> **Work to be completed**: Pictures do not belong in the output. Reproduce exactly the lines from the start of the records through the line with "但是上一次我小程序敏感词的问题,其实已经做过人工审核的限制了,但是没有通过".

Available data below:

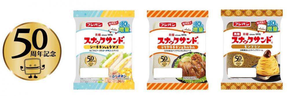 フジパンは、2025年10月1日から「スナックサンド」誕生50周年を記念した商品3品を発売。また、新作2品も10月に登場します。
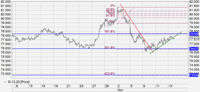 Наиболее вероятно: откат к 77.70 и продолжение падения.
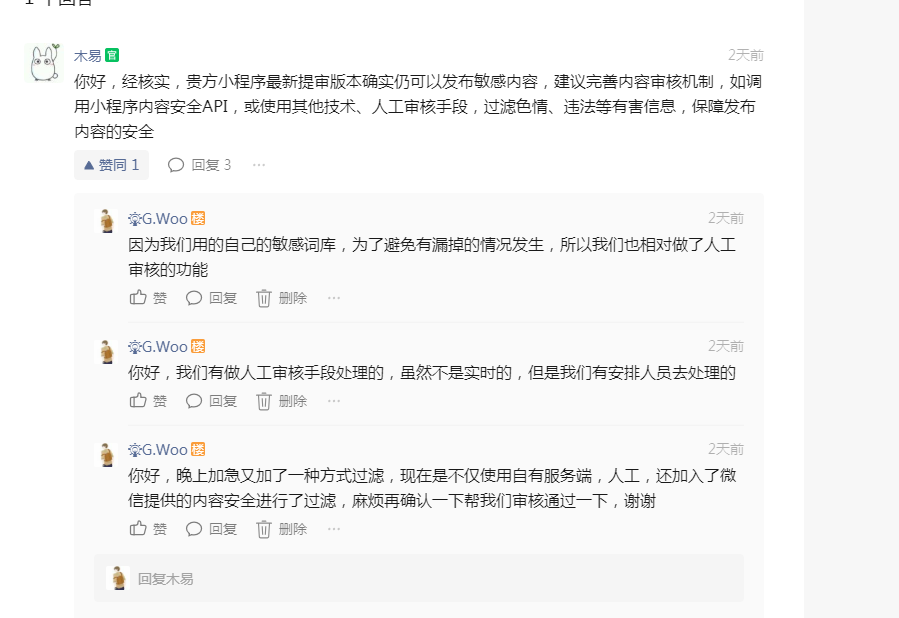 但是上一次我小程序敏感词的问题,其实已经做过人工审核的限制了,但是没有通过
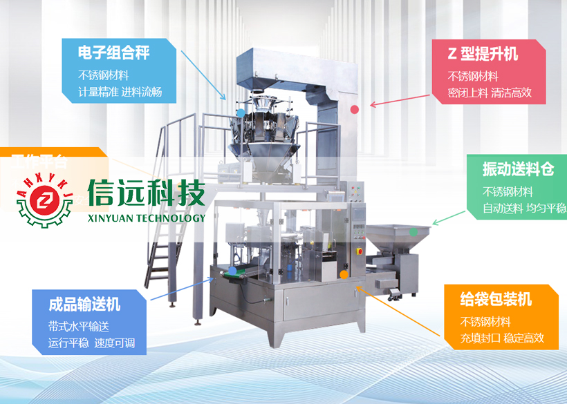 信遠(yuǎn)科技顆粒料全自動(dòng)旋轉(zhuǎn)式給袋包裝機(jī)組,是由密閉Z型提升機(jī)、電子計(jì)量組合秤、多工位旋轉(zhuǎn)式給袋包裝機(jī)和成品輸送機(jī)組成??梢园b單袋克重在30-5000g范圍之間的顆粒狀物料,生產(chǎn)企業(yè)可以根據(jù)自己的需求選擇不同的包裝機(jī)型號(hào)。這套機(jī)組設(shè)備適合各種顆粒狀、片狀、條狀、圓狀、塊狀及不規(guī)則形狀等物料的定量包裝,具有自動(dòng)完成送料、計(jì)量、給袋、充填、封口、打印、計(jì)數(shù)、輸送等一系列功能,是食品、化工、農(nóng)資等行業(yè)提高包裝生產(chǎn)效率,打造綠色環(huán)保車(chē)間,提升包裝檔次的新型自動(dòng)化裝備。
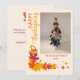Holiday greeting card featuring a Happy Thanksgiving festive phrase, colourful autumn leaves and one photo of your choice. Personalised this greeting card with your name and year.
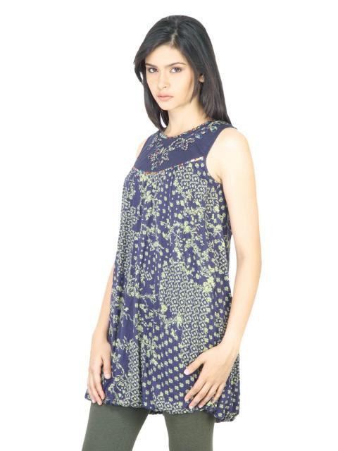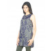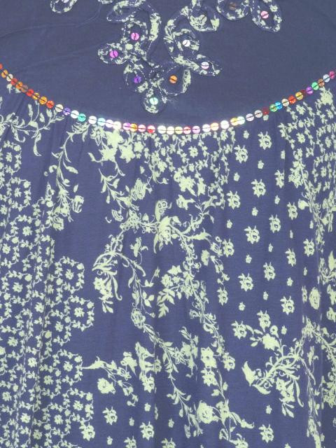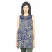 Navy blue printed kurti made of lightweight 100% cotton knitted fabric with stretch, has a woven (non stretch) cotton lining, sleeveless shape, round neck with sequin and stitching embellishments on yoke, fabric gathered to yoke on front and back and hem gathered to lining to create puffed shape
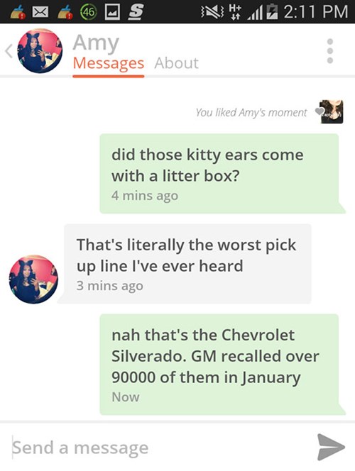 L Verizon 913 Pm Amy Today Do You Have Any Good Pick Up Lines I Could Use On You Nice Face Can I Frame It With My Legs Wow I Don T Like
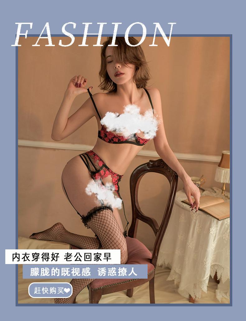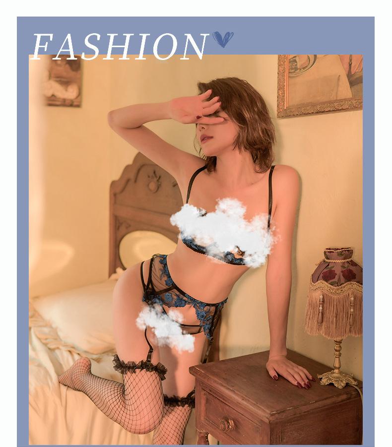 Red (bra + panties + garter), Blue (bra + panties + garter belt)
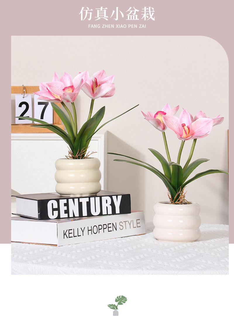 模造花手触り保湿15葉香雪蘭造花鉢植え客間家庭食卓装飾品模造花君子蘭
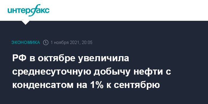 Согласно условиям соглашения ОПЕК+, Россия в октябре могла добывать 9,8 млн баррелей в сутки. В сентябре Россия вышла на среднесуточный уровень производства конденсата (не учитывается в сделке ОПЕК+) свыше 105 тыс. т. Таким образом, если уровень производства конденсата в октябре остался на уровне сентября (статистика запаздывает на месяц), то добыча только нефти могла составить 1374 тыс. т/сут., или 9,9 млн б/с со средним коэффициентом баррелизации 7,22, что означает исполнение сделки на 90%.
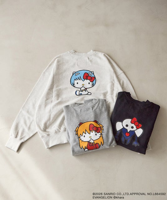 胸元にあしらった刺繍がポイントのスウェット。ポイントの刺繍は、『エヴァンゲリオン』の世界観を象徴するネルフのロゴマークと、ハローキティのトレードマークであるキュートなリボンを融合させた完全オリジナルデザインです。バックには人気キャラクターの“レイ”、“アスカ”、“第4 使徒”がハローキティとコラボレーションした特別感溢れるアートプリントを施しています。
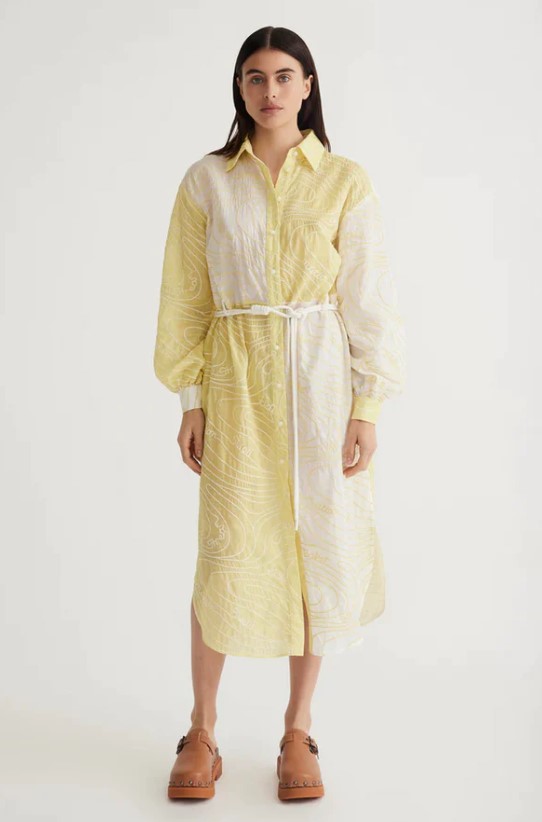 Bottom, left to right: Antipodean Surge Belted Shirt Dress in Zest, $725, Denim Iniquity; La Tribe Knotted Platform Slide in Milk, $289.90, Denim Iniquity.

End of Available data.

> **Result of this task**:
 フジパンは、2025年10月1日から「スナックサンド」誕生50周年を記念した商品3品を発売。また、新作2品も10月に登場します。
 Наиболее вероятно: откат к 77.70 и продолжение падения.
 但是上一次我小程序敏感词的问题,其实已经做过人工审核的限制了,但是没有通过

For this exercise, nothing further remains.